Nie trzeba w tym celu biegać po archiwach i przekopywać setek dokumentów. Wystarczy rozmowa z naszymi bliskim, a święta to idealny czas na poruszenie takich tematów. Można rozpocząć chociażby od pytania, jak święta obchodziło się dawniej, jak wyglądało przygotowanie potraw wigilijnych w czasach kiedy półki sklepowe świeciły pustkami. Może nasi dziadkowie mają stary album ze zdjęciami? Dodatkowo wzmocnią one przekaz 🙂 Opcji jest wiele, a usłyszane historie wypełnią czas i pozwolą zbliżyć się do siebie.

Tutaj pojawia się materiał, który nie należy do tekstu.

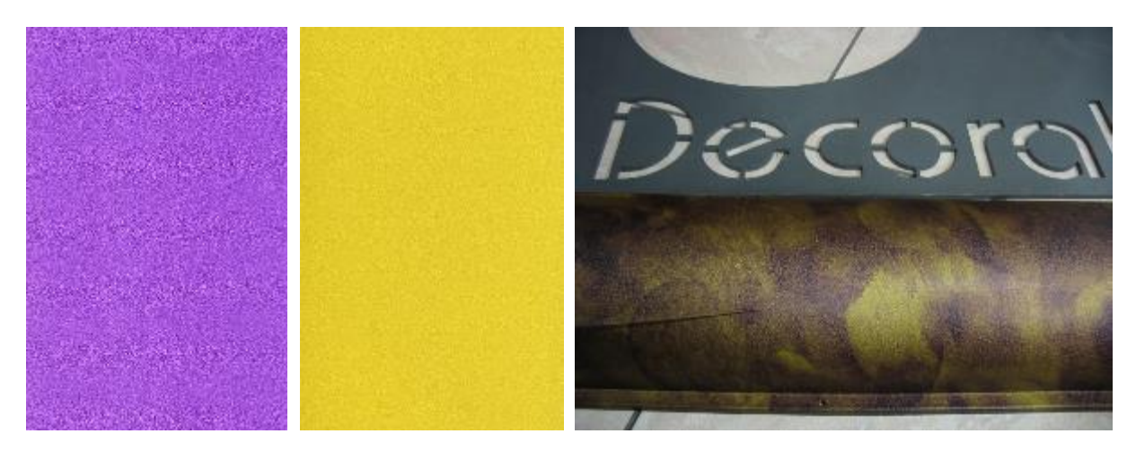
Picture 1: Icetouch-022 (left), Icetouch-007 (in the middle), Icetouch-023 decorated with heat-transfer film 75007/07M (right).

The main feature of the lcetouch powders is their unique rough surface: special additives afford both a peculiar roughness and a shine that differ definitely from typical textured powder coatings. All these products are suitable to decoration with heat-transfer technology.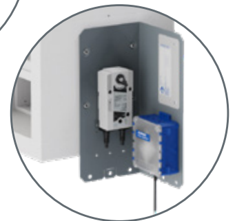
Version AA with exposed drive for immediate actuation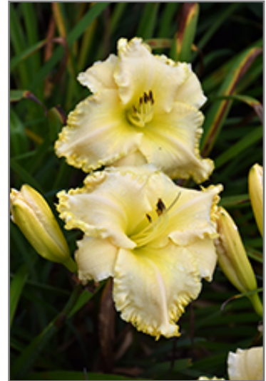
Marquee Moon Daylily flowers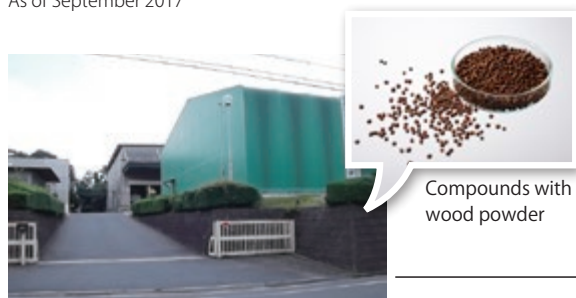
11 RIKEN CHEMICAL PRODUCTS CO., LTD. *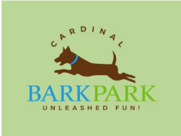
Cardinal Bark Park logo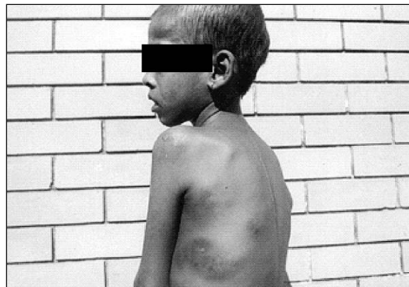
Fig-1: 9 years old boy with multiple erythematous nodules.

A 9-year-old male child, 1st issue of a day-labourer, weighing 21.5 kg, immunized as per EPI schedule admitted into ICMH, Dhaka with the complaints of fever for two years, pain and swelling of multiple small and large joints for one and a half year, non-productive cough and difficult breathing for 10 days before admission. The joint pain was not migratory and there was no history of morning stiffness. He had been suffering from repeated attacks of common cold since 2 years of age. He denied any history of trauma or abdominal pain. There was no history of contact with a tubercular patient.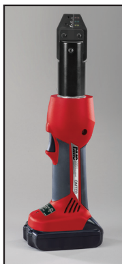
GMTExxxB Battery Tool

Custom tools are available. Consult DMC for details.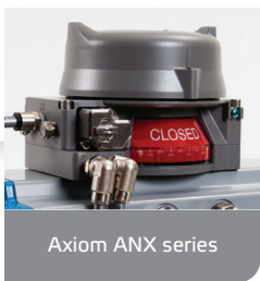
Axiom ANX series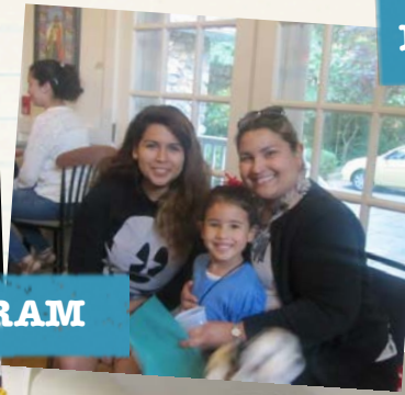
DIVERSITY PEER EDUCATORS

Jeśli nie mamy możliwości spotkania się z bliskimi osobiście nie zapominajmy, że w sukurs przychodzi nam technologia. Dziś możemy niemal natychmiast połączyć się z każdym miejscem na ziemi. Wystarczy być w zasięgu telefonii komórkowej lub Internetu. Istnieje wiele programów i aplikacji pozwalających się usłyszeć oraz zobaczyć. Korzystanie z nich stało się obecnie bardzo popularne i niemal każdy miał z nimi do czynienia. Znacznie ułatwiają one kontakt z osobami na całym globie. Świat stał się przez to odrobinę mniejszy – olbrzymie odległości nie stanowią już żadnego problemu jeśli mamy ochotę porozmawiać lub zobaczyć się z krewnymi i znajomymi. Nie zapominajmy jednak o tym, że starsze osoby często mają problemy z opanowaniem nowoczesnych rozwiązań. Warto wyjaśnić lub zainstalować i ustawić wybraną aplikację, w takim przypadku najlepszą opcją będzie nasza osobista pomoc. Wtedy wspólnie możemy zobaczyć się z np. dawno nie widzianą „ciocią z Ameryki”. Najważniejsze jest, aby świąteczny czas spędzić razem, w rodzinnym gronie, czego życzy Wam zespół FM MOBILE.